### Goal of the exercise
Under this line is some data; print exactly the lines from the one containing "Built-in electric fireplace" through its last line, without pictures.

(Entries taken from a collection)

-=-=-

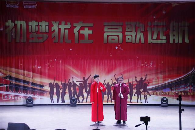 梁丽娟代表学院向毕业生表达了真诚的祝福,希望大家担负起青年的责任,拥抱新时代、奋进新时代,让青春在为祖国、为人民、为民族的奉献中焕发出更加绚丽的光彩!晚会在青春洋溢的舞蹈中拉开了序幕,绚丽的灯光,动感的舞步点燃了全场观众的热情。为庆祝我校110周年华诞,师生合唱了《河南理工大学校歌》和《我的祖国》,唱响理工,爱我中华,曲风恢弘壮阔,荡人心弦。歌伴舞《知否•繁华梦》把歌曲幻化成曼妙的舞姿,在悠扬歌曲舞姿中看到一场清欢一帘梦;相声《大学青春》以诙谐的语言,展现了大学好友之间亲密无间的友情;连唱《attention 》和现代舞《moonlight》以缠绵的音律,优美的舞姿演绎了新时代大学生青春的魅力;舞蹈《相思》以独特的节奏,扣人心弦的声线与韵律让现场观众沉迷其中;潘启东老师带来的歌曲《驼铃》曲调婉转悠扬,感情充沛,和留学生阿尔法一起合唱《北京的金山上》,令在场观众掌声不断;《让我留在你最好的那年》唱出了毕业生们大学时光深深的不舍和留恋;最后,晚会在风格独特的走秀《最后的华尔兹》中落下帷幕。
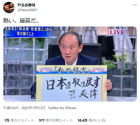 【感動】菅ちゃん「日本を取り戻す」 10万いいね (※画像あり)
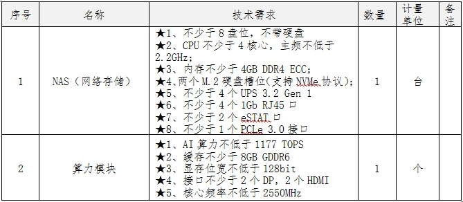 2.2采購內容:緊急增補一臺NAS(網絡存儲)和一個算力模塊。技術參數如下:
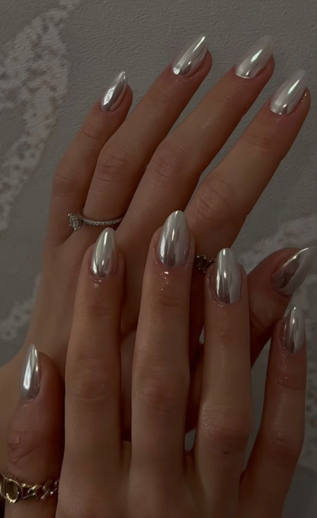 Dourado, cobre e bronze aparecem como detalhes ou em unhas inteiras. O toque metálico é tendência forte da temporada e deixa o look instantaneamente mais fashionista.
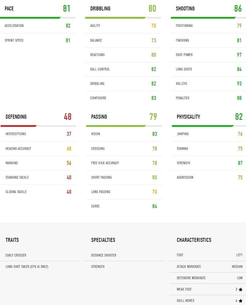やはりというべきが、シュート力は圧巻97!そして、得意とするボレーも93と高レートに。
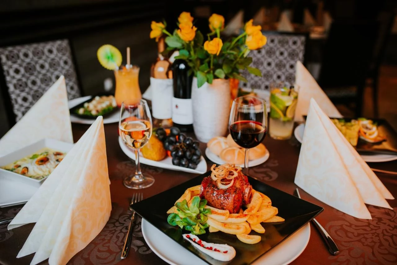 - Restaurantul hotelului combină într-un mod special preparatele tradiționale din Transilvania cu bucătăria internațională.
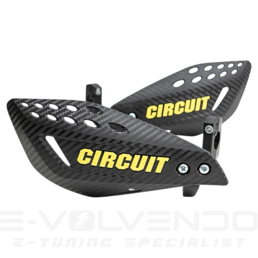 The Circuit Vector Carbon Handguards are designed to offer maximum protection and an aggressive look for your enduro, motocross, or motard bike. Made from high-resistance plastic material, these handguards provide optimal defense against impacts, debris, and weather elements, while maintaining a lightweight structure that doesn't compromise handling.
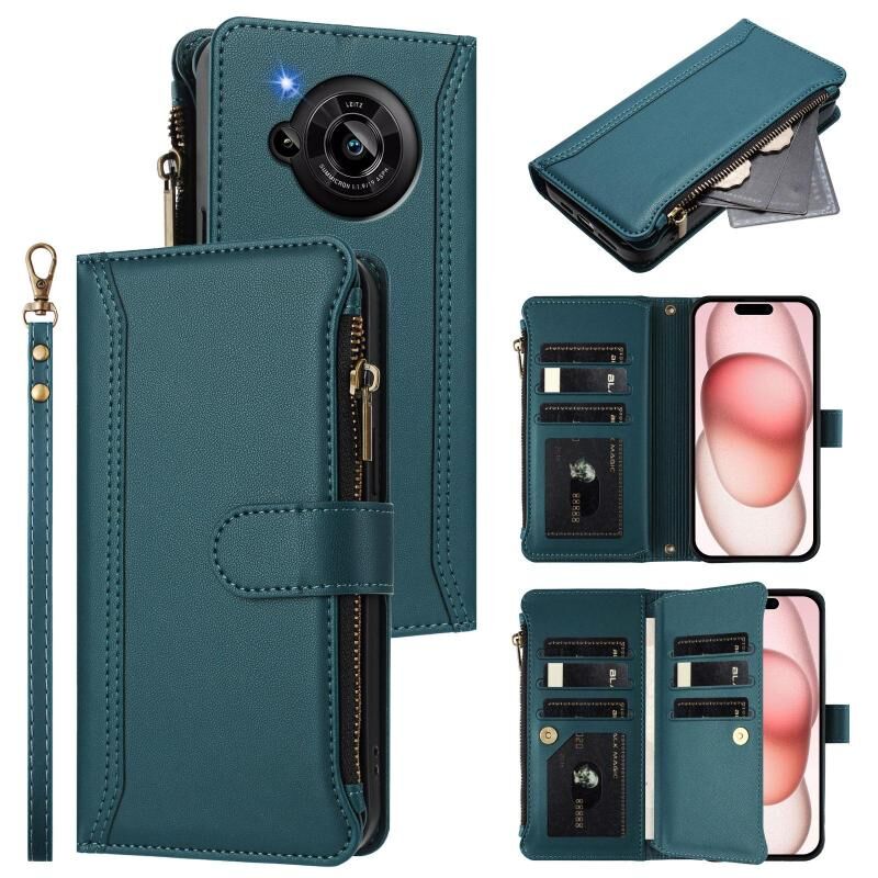For Sharp Aquos R7 Magnetic Closure 9 Card Slots Zipper Leather Case with Hand Strap(Dark Green)
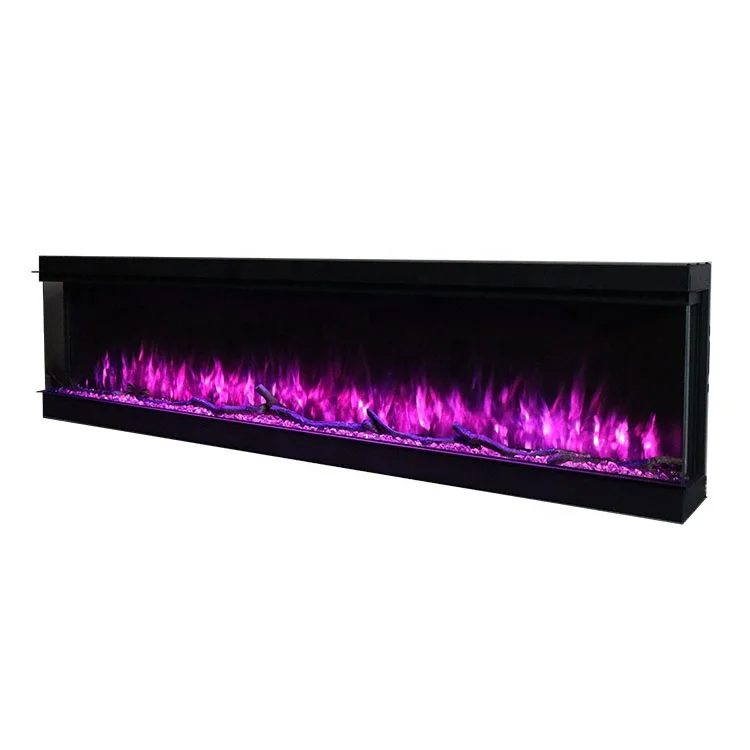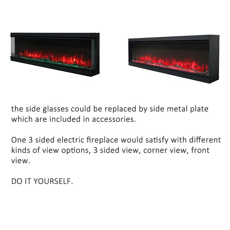 Built-in electric fireplace allows to enjoy relaxing flames in front angle. The electric fireplace is zero venting and large flame display.Frankly speaking, traditional electric fires mostly used a 1D flame effect, with the rear of the fuel bed lit up by artificial embers,but our three sided electric fireplace adopt the 3D LED flame technology, show up the more realistic flames.
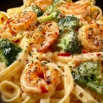 A delicious and creamy pasta dish that combines savory flavors of shrimp and broccoli with a rich Alfredo sauce, perfect for a quick weeknight dinner or special occasion.

-=-=-

### Exercise output
 Built-in electric fireplace allows to enjoy relaxing flames in front angle. The electric fireplace is zero venting and large flame display.Frankly speaking, traditional electric fires mostly used a 1D flame effect, with the rear of the fuel bed lit up by artificial embers,but our three sided electric fireplace adopt the 3D LED flame technology, show up the more realistic flames.
 A delicious and creamy pasta dish that combines savory flavors of shrimp and broccoli with a rich Alfredo sauce, perfect for a quick weeknight dinner or special occasion.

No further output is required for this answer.